De zitting met gesloten deuren heeft plaatsgevonden op 8 oktober 2025. Daarbij waren aanwezig:
- de moeder;
- een vertegenwoordiger van de GI, [vertegenwoordiger] .
1.3.
De vader is niet verschenen. De kinderrechter stelt vast dat de vader wel juist is opgeroepen.
1.4.
De kinderrechter heeft [minderjarige] naar haar mening gevraagd. [minderjarige] heeft geen mening gegeven.

2.De feiten

2.1.
De vader en de moeder zijn belast met het ouderlijk gezag over [minderjarige] .
2.2.
[minderjarige] verblijft bij haar [vriend] en zijn gezin (hierna: het pleeggezin).
2.3.
Bij beschikking van 7 april 2025 is de ondertoezichtstelling van [minderjarige] verlengd tot 13 april 2026. Bij diezelfde beschikking heeft de kinderrechter ook de machtiging tot uithuisplaatsing van [minderjarige] in een voorziening voor pleegzorg verlengd tot 13 oktober 2025.

3.Het verzoek

3.1.
De GI verzoekt de machtiging tot uithuisplaatsing van [minderjarige] in een voorziening voor pleegzorg te verlengen voor de duur van de ondertoezichtstelling en de beslissing uitvoerbaar bij voorraad te verklaren.

4.De standpunten

4.1.
De GI handhaaft het verzoek tijdens de mondelinge behandeling en licht het – onderwijzing naar het verzoekschrift - als volgt toe. [minderjarige] verblijft sinds maart 2025 in het pleeggezin.

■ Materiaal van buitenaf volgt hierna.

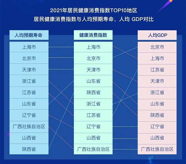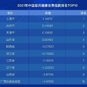 报告显示,2021年度居民健康消费指数排名,上海、北京、天津在31个省(直辖市、自治区)中位居前三,山东、陕西、浙江、江苏、辽宁、山西、广西等地分列第四至第十位。
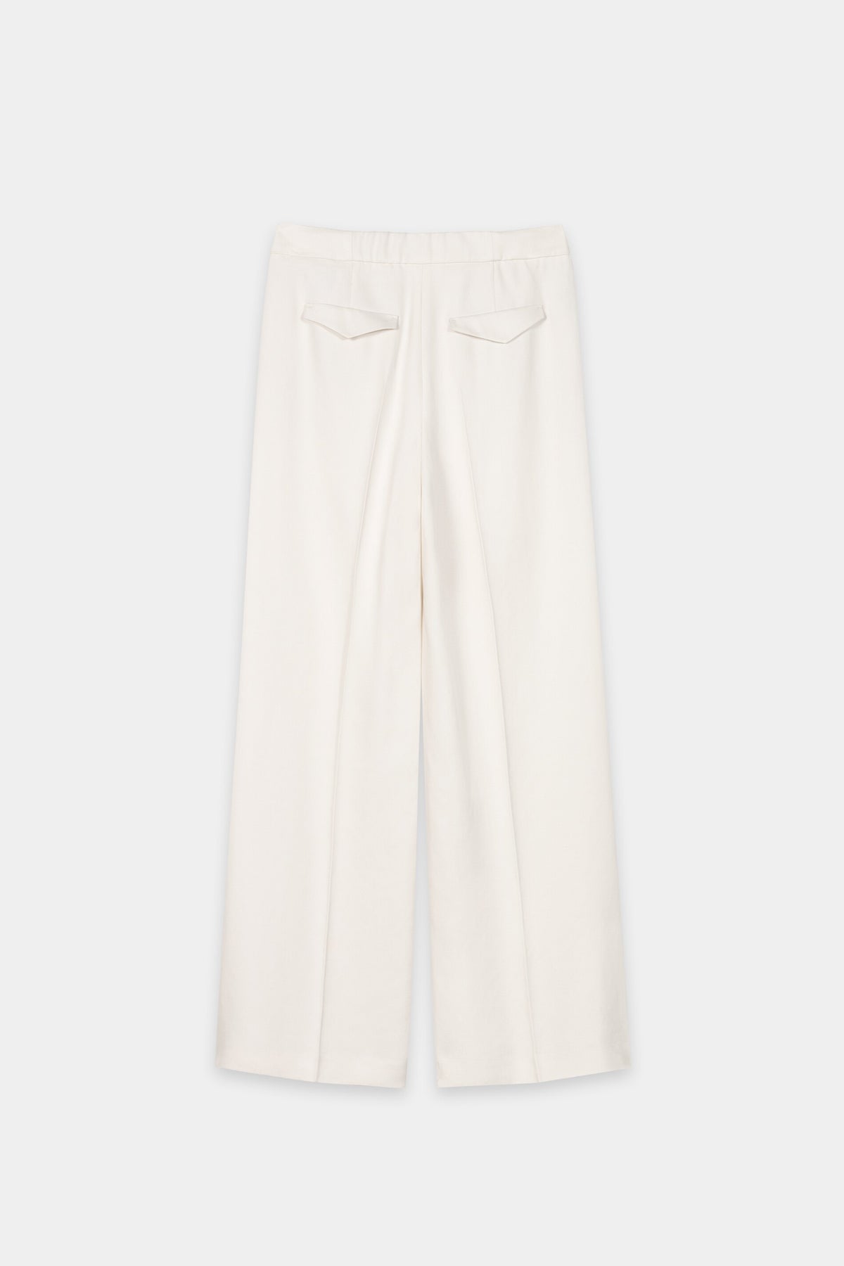 Удлинённые брюки с широкими брючинами из мягкой саржевой ткани со складками и двумя прорезными карманами. Сзади два декоративных накладных кармана.

De GI maakt zich zorgen om het controlerende gedrag van [vriend] richting [minderjarige] , maar [minderjarige] en haar familie delen deze zorgen niet. Zij vinden dat het gedrag van [vriend] nodig is om [minderjarige] te helpen, omdat zij in het verleden veel zou hebben gelogen. Een terugplaatsing van [minderjarige] bij de moeder is – ondanks dat tussen hen inmiddels sprake is van positief contact – op dit moment niet mogelijk, omdat een grote kans bestaat dat [minderjarige] alsnog terugkeert naar het pleeggezin. Een overplaatsing van [minderjarige] naar een andere verblijfplek is in dit kader ook niet mogelijk. Binnenkort zal Specialistische Ambulante Gezinshulp vanuit Elker starten in het pleeggezin. Hiermee zal worden gefocust op de relatie tussen [minderjarige] en [vriend] , de thuissituatie binnen het pleeggezin en de persoonlijke ontwikkeling van [minderjarige] zelf. Vervolgens kan het perspectief van [minderjarige] worden onderzocht. Indien blijkt dat [minderjarige] in [plaats 2] zal blijven, zal een verzoek tot wijziging van GI ingediend worden. Het is voor de GI niet haalbaar om de situatie op afstand te blijven monitoren.
4.2.
De moeder stemt tijdens de mondelinge behandeling in met het verzoek van de GI. De moeder is trots op de stappen die [minderjarige] de afgelopen periode heeft gezet. Zij heeft haar middelbare schooldiploma gehaald en volgt inmiddels een mbo-opleiding in de richting van Zorg & Welzijn. [minderjarige] komt in het pleeggezin tot rust en geeft aan dat zij hier graag zou willen blijven. Het verblijf van [minderjarige] in het pleeggezin dient daarom te worden gecontinueerd.

5.De beoordeling

5.1.
[minderjarige] verblijft sinds maart 2025 in het pleeggezin. Ondanks de bestaande zorgen vanuit de GI over de thuissituatie van het pleeggezin en het controlerende gedrag van haar vriendje [vriend] , is een terugplaatsing van [minderjarige] bij de moeder of een overplaatsing van [minderjarige] naar een andere verblijfplek op dit moment niet passend. [minderjarige] en haar familie delen de bestaande zorgen niet en de kans is groot dat [minderjarige] alsnog naar het pleeggezin zal terugkeren. Daarom kan de kinderrechter instemmen met een continuering van verblijf van [minderjarige] in het pleeggezin, waar de situatie door middel van de inzet van passende hulpverlening (zoals Specialistische Ambulante Gezinshulp) wordt ondersteund en onderzocht.
5.2.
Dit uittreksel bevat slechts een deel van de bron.